Os jornais da noite de ontem colocaram o cigarro, feijão e empregada doméstica como os “culpados” pela aceleração. Isoladamente, estão certos, pois desmembra-se o índice e apura-se os maiores percentuais de aumento. Porém, deve-se considerar o peso de tais produtos na cesta do IPCA.
No todo, não faz uma diferença substancial a variação do preço do cigarro em abril. O mesmo número divulgado ontem, quando anualizado, caiu de 5,24% em março para 5,10% em abril. Para quem acompanha de longe, pode verificar os grandes grupos, como Alimentação e Bebidas, Transportes e Habitação, que possuem as maiores participações no índice.
Juros em queda é meio que normal ter uma pressão nos preços. Mas é meio que surpreendente também como nenhum dos especialistas cita a alta do dólar que já ocorreu em março e continuou em abril. De R$ 1,72 para R$ 1,91. A desvalorização cambial do Real frente ao Dólar de mais de 10% nesses 2 últimos meses encarece a produção, caros colegas.

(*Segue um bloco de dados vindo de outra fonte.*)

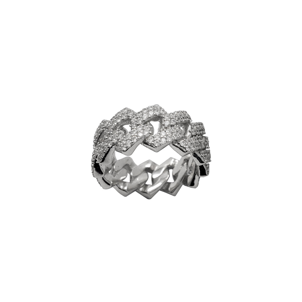 Zirconia Edged Cuban Ring (Silver)

É Renda Fixa, segundo o Ministro
No início desse mês de março o Copom cortou os juros em 75bps (decisão não unânime) surpreendendo grande parte do mercado. A decisão reduz o diferencial de juros SELIC-FEDFUND e contém, em parte, a apreciação cambial, o que acaba por impulsionar a atividade econômica a um ritmo mais acelerado. Além disso, podemos considerar que a faixa da inflação entre 4,5% e 6,5% deve estar sendo bem aceita tanto pelo Bacen quanto pelo governo.
Já em meados do mês, o ministro da Fazenda, Guido Mantega, declarou publicamente que o câmbio no país é administrado e reiterou que irá adotar várias medidas para conter a valorização do real, que vem prejudicando a indústria nacional. Além disso, o Ministro informou que a taxa Selic (9,75% hoje) vai convergir para o nível da TJLP, atualmente em 6%.

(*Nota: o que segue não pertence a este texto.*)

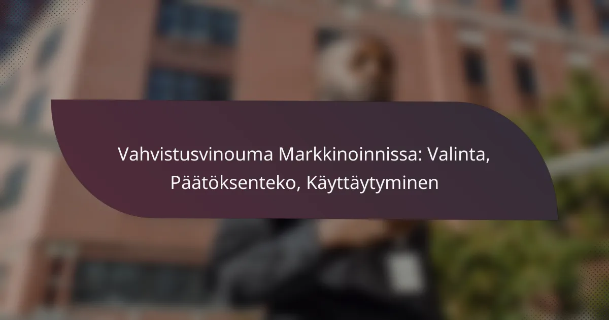 Vahvistaminen markkinoinnissa on keskeinen menetelmä, joka ohjaa kuluttajien käyttäytymistä palkkioiden ja seurausten avulla. Tämä prosessi parantaa asiakkaiden motivaatiota

Nesse sentido, o dólar saiu de R$ 1,71 no início do mês e opera acima de R$ 1,81 hoje, 25 dias depois. Uma valorização da moeda americana frente ao Real de 5,85% nesse período.

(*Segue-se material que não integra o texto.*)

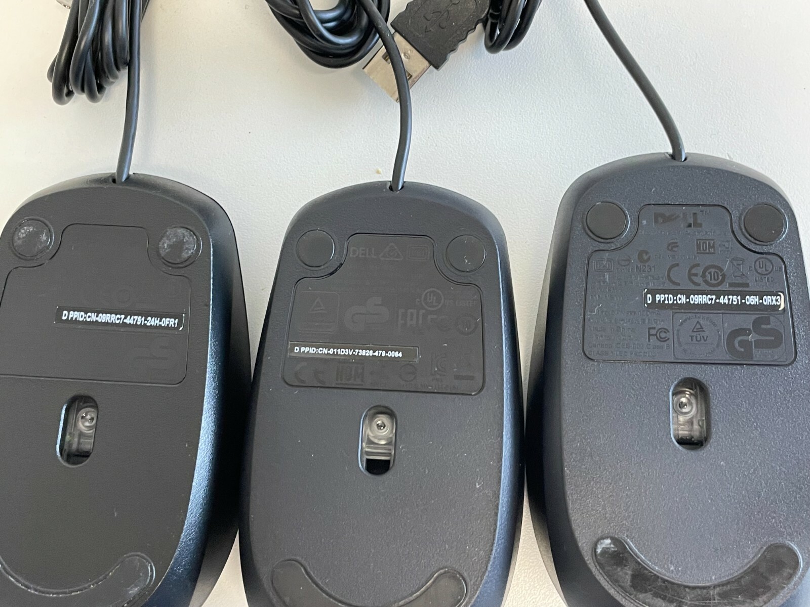 AA5: Lot of 3 Dell Wired USB Scroll Optical Mouse MS111-L MS111-P
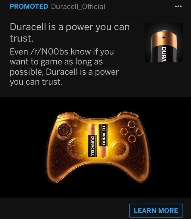 Duracell + Display Post + 게이머 용어 = 환상적인 Reddit 광고.

Porém, apostar no dólar é pra quem tem sangue frio. Com tal preocupação do governo com a indústria, a moeda americana deve retomar sua tragetória de depreciação em breve. Para quem investe em Títulos Públicos, a hora é de arriscar mais em papéis pré-fixados (LTN, NTN-F), já que os indexados aos juros (LFT) vão cair. Já quem gosta de fundos, deve sair paulatinamente dos DI e buscar alguns de Renda Fixa. Tudo isso foi o que o ministro disse. Quem somos nós…
A Meta é o Teto
O Brasil trabalha com metas de inflação, um excelente sistema de controle dos preços e imprescindível para a administração do governo hoje.
O Banco Central do Brasil – BC – estabelece a meta e seus limites. Para 2011 a meta fixada foi de 4,50% com tolerância de 2 pontos percentuais para cima ou para baixo. O que torna uma inflação de 6,50% “aceitável”.
No Relatório de Inflação do 3º Trimestre o BACEN diz que
“Expectativas de Mercado
Relatório de Mercado de dois de setembro, as medianas das projeções relativas às variações anuais do IPCA para 2011 e 2012 atingiram 6,4% e 5,3%, respectivamente [...]“
http://www.bcb.gov.br/htms/relinf/port/2011/09/ri201109c2p.pdf
O BC já trabalha no limite superior, o chamado Teto, quando deveria trabalhar com o “centro da meta” (pleonasmo utilizado pelo próprio BC).
No final do ano, os governantes vão dizer que, formalmente, a inflação ficou “dentro da meta”, o que estará certo caso não estoure os 6,50%. Mas é fato que a inflação foi (será) acima do esperado em 2011. Quem faz compras no mercado sabe disso.